Now, if you work in either the stationary supply or recruitment sectors, you would hope that your company fared well in those Google searches.
Unfortunately many businesses haven't realised the importance of making their webpages mobile-friendly and are subsequently being penalised, because mobile-friendly webpages (the individual pages that make up a website) ranking higher in search results.
Google's criteria for a 'mobile-friendly' webpage is:
• one that avoids software not common on mobile devices such as Flash;
• one that uses text that is readable without zooming;
• one that sizes content to the screen so users don't have to scroll horizontally or zoom; and
• one that places links far enough apart so that the correct one can be easily tapped
Google began emphasising the importance of mobile friendliness in November last year when it started labelling results that met these criteria.
Its latest algorithm change is a giant leap ahead, so much so it's been dubbed 'Mobilegeddon'. In effect, if two webpages with content of equal quality come back in results, the mobile friendly one will be ranked higher.
"Now searchers can more easily find high-quality and relevant results where text is readable without tapping or zooming, tap targets are spaced appropriately, and the page avoids unplayable content or horizontal scrolling," Google said.
The impact on Western Australian businesses is significant. An assessment of the top 20 private companies and top 20 public industrial companies shows that more than half have not invested in making even their homepages mobile friendly.
They will, therefore, fall down the rankings if the search is undertaken on a mobile device.
What to do
The immediate option for businesses is obvious – invest in making your website mobile friendly.
However, the key differentiator is content and it will be content that puts winners above losers in future Google algorithm changes.
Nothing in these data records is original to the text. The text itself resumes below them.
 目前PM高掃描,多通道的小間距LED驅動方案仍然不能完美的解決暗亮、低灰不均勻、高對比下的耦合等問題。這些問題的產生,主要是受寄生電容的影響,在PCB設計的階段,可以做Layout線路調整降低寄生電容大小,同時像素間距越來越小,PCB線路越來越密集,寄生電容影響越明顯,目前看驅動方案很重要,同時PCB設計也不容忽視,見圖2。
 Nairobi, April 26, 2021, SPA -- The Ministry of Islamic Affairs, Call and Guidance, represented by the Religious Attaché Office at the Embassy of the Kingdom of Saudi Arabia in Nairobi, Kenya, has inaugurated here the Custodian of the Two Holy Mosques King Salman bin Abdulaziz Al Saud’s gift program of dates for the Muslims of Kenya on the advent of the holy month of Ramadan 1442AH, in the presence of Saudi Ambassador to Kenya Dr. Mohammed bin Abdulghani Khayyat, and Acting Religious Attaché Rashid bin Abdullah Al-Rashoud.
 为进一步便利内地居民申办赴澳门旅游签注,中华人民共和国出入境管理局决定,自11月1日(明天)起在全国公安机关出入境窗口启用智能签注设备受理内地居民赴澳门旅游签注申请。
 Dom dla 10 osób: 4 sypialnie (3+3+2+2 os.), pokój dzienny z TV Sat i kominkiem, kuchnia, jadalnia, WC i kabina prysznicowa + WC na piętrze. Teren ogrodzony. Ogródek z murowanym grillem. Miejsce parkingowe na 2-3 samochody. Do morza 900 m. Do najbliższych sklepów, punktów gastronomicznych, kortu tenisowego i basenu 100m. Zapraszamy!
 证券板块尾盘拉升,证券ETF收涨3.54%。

Google noted that the overall intention to return the most relevant results remained, despite its preference towards mobile-friendly webpages in its latest update.
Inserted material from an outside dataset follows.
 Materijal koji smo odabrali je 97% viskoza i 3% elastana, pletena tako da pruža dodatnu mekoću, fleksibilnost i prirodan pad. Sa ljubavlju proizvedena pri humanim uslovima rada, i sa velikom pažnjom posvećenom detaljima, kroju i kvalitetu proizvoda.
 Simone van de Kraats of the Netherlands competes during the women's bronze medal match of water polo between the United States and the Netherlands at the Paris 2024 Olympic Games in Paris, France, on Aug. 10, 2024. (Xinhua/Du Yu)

"While the mobile-friendly change is important, we still use a variety of signals to rank search results. The intent of the search query is still a very strong signal, so even if a page with high-quality content is not mobile friendly, it could still rank high if it has great content for the query," Google said.
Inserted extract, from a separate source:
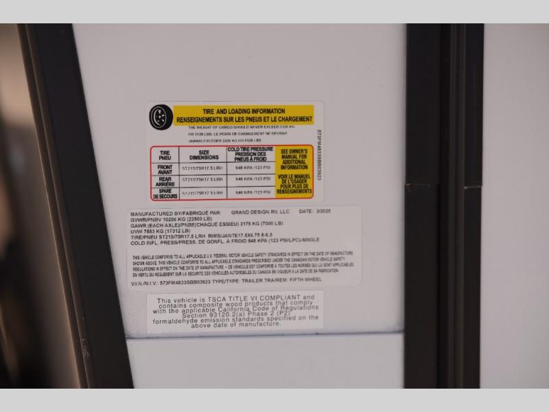 New 2025 Grand Design Momentum M-Class 414M Toy Hauler Fifth Wheel

Clearly, as Bill Gates declared nearly two decades ago, content is king. And yet some still fail to realise how what is now defined as content marketing can bring competitive advantages.
Businesses should recognise that creating great content across multiple platforms can have significant impacts in marketing success. For example, businesses are gaining followers and 'likes' by sharing great content that people want to then share to their networks on social media sites – essentially word of mouth in a social media realm.
But returning to Google, this activity can also affect how businesses rank in search results. Link sharing was the backbone of the early search engine optimisation game, and it still plays a significant role with shares through social media taken into account during Google searches.
Unsurprisingly, if a business provides an update on Google+ and then receives a significant number of 'likes' or 'shares', its ranking on Google increases. In one case study conducted by MOZ (search engine optimisation specialists) a company that received 100 followers on Google+ received an almost 15 per cent increase in its ranking.
So, with mobile web traffic having overtaken desktop traffic, you're wasting time if you're not already assessing how to become mobile-friendly integrated with a content marketing strategy.